Prinsip basic korek api terhadap awalannya ditemukan di negara China jauh sebelum akan masehi ada zaman fuxi, di mana tersedia seorang ilmuwan yang dijuluki suiren, dia yang menemukan langkah pertama untuk menghasilkan api bersama dengan langkah menggosokkan 2 permukaan kayu yang lantas akan menghasilkan percikan-percikan api. Setelah korek api kayu ini tersebar di seluruh dunia, lebih dari satu ratus th. lantas barulah ditemukan korek gesek oleh Hennig Brandt berasal dari Hamburg, Jerman terhadap tahun 1669.
Awal mula penemuan korek gesek ini merupakan percobaan gagal dari Hennig, yang berniat menginginkan membuat emas dari logam lain tetapi yang ia dapatkan adalah fosfor. Kemudian asisten Hennig yang bernama Robert Boyle mencoba melapisi kertas kasar bersama fosfor dan serpihan kayu bersama belerang. Dan kala dia menarik serpihan kayu di atas kertas fosfor berikut ternyata menghasilkan api. Namun penemuan Boyle itu dihentikan gara-gara tidak cukup sempurna. Dari penemuan tersebut akhirnya para ilmuwan mencoba untuk menyempurnakannya.
Pada th. 1826 ada seorang apoteker bernama John Walker yang kemudian disebut dengan ayah penemu korek api. Ia melaksanakan percobaan bersama dengan langkah menggabungkan sulfida antimon, potassium klorat, permen karet dan pati bersama dengan tongkat kayu lantas ia menghilangkan tongkat selanjutnya diatas batu dan tongkat berikut terbakar. Dari penemuannya itu, selanjutnya menghasilkan merk dagang yaitu “Lucifer”, namun perihal itu tidak bertahan lama dikarenakan penemuan korek kayu tersebut menghasilkan bau belerang yang berbahaya. Kemudian, para ilmuwan tetap menerus mengembangkan korek kayu berikut hingga seperti yang kami kenal saat ini ini.

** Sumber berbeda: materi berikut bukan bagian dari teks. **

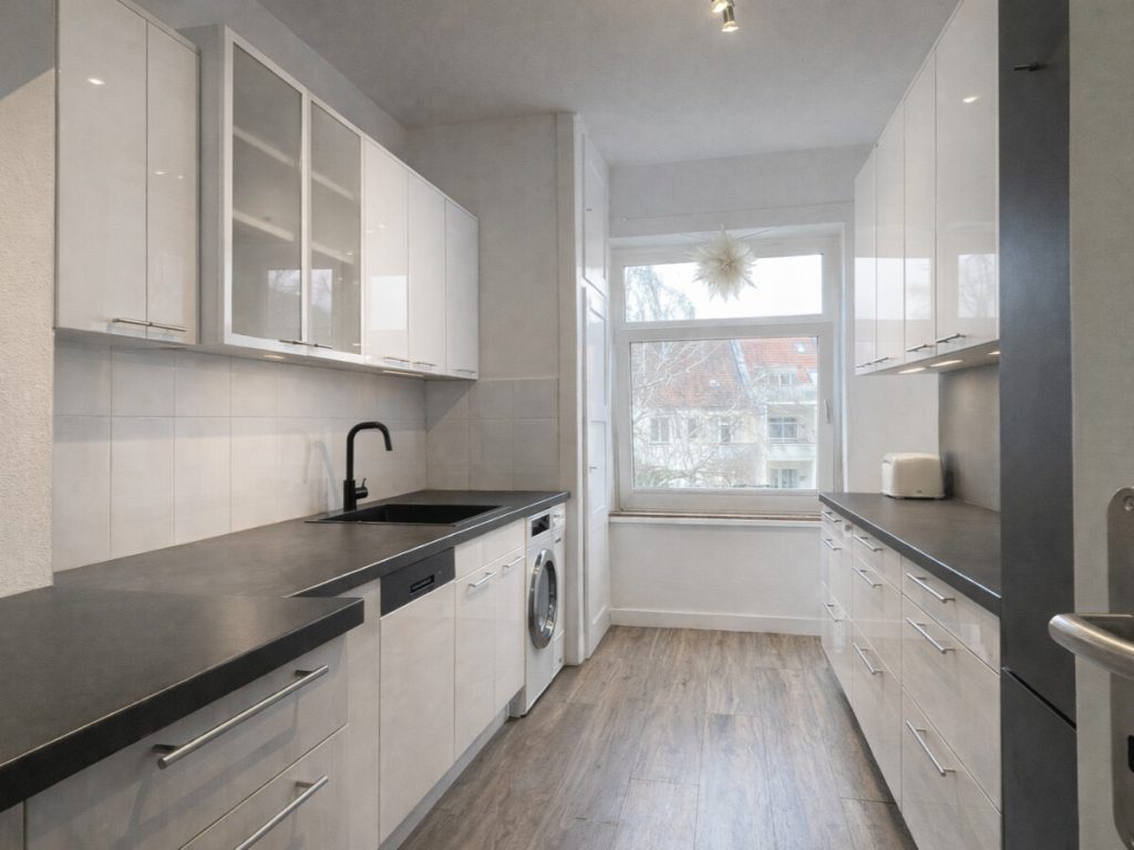 Zur linken Seite gelangen Sie in das Tageslichtbadezimmer mit Badewanne. Gleich nebenan befindet sich die geräumige Küche mit Zugang auf den Balkon.
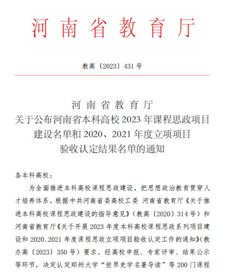 beat365两门课程获批河南省2023年本科高校课程思政样板课程

Seiring bersama dengan perkembangan zaman dan teknologi korek api, korek kayu berkembang jadi korek gas. Dimana korek type selanjutnya pakai gas cair yang nantinya akan membuahkan api. Penemuan ini ditemukan terhadap tahun 1823 oleh Johann Wolfgang Dobereiner. Temuan Johann tersebut akan menjadi prinsip dasar pematik yang ada di semua dunia saat ini ini. Prinsip Johann pakai reaksi kimia antara seng bersama asam sulfat untuk menghasilkan gas hydrogen yang ringan terbakar. Kemudian penemuan ini tetap ditambah hingga th. 1910 oleh Louis Ronson yang berhasil menciptakan pematik yang prima dengan diberi nama Pist-O-Liter.